Constructive defect litigation has bedeviled the insurance industry for years, particularly in New Jersey, California, and Florida. These claims are complex and generate years of expensive litigation. While many insurers have abandoned the construction/contractor’s market or excluded these risks with “Tract Homes” or Condominium exclusions, others find themselves mired in disputes over the scope of coverage available to contractors involved in construction defect litigation.
In New Jersey, one unresolved question was whether the standard 1986 ISO form CGL policy covered a developer/general contractor against claims of consequential damage caused by the faulty workmanship of a sub-contractor. Do such claims satisfy the requirement that “property damage” must be caused by an “occurrence”? If so, are those claims barred by Exclusion l. as “property damage” to “your work”?

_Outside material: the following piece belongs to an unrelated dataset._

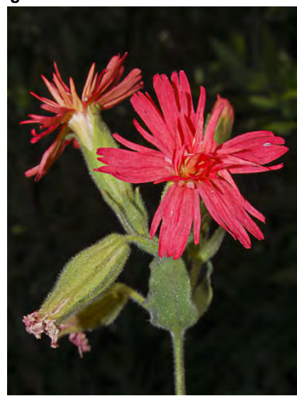
CALIFORNIA PINK (Silene laciniata subsp. californica) Native Perennial - Pink Family - (Spring-summer) - Chaparral, oak woodland, conifer forest, serpentine or not - Plant 8-28" tall. Petals 0.5-1" long, bright red.
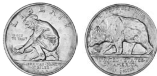
3491 Half-Dollar, 1925s, California, Diamond Jubilee. Practically as struck £150-250

In Cypress Point Condominium Association, Inc. v. Adria Towers, L.L.C., et al., the New Jersey Supreme Court used a three step process in resolving these coverage issues. First, it held that the consequential damages caused by a subcontractor’s shoddy work qualified as “property damage.” Further, the Supreme Court found the water damage to common elements and individual units caused by the subcontractor’s faulty workmanship was an occurrence, because “the consequential harm caused by negligent work is an ‘accident.’” Second, the Supreme Court observed the “Your Work” exclusion likely eliminated coverage for the ensuing water damage. However, on the final step of analysis, the “Your Work” exclusion was nullified by the exception for damage arising out of work performed “on your behalf by a subcontractor.”
There are two main takeaways from Cypress Point. First, a standard CGL policy provides coverage to a general contractor for claims of consequential damage caused by a subcontractor. The insurer for a general contractor can no longer disclaim coverage on the basis that the entire project is the GC’s work and therefore excluded from coverage. Second, the Supreme Court invited insurers to exclude this specific risk – participants in the Excess & Surplus Lines market take note – by eliminating the subcontractor exception from the “Your Work” exclusion or adding a breach of contract exclusion.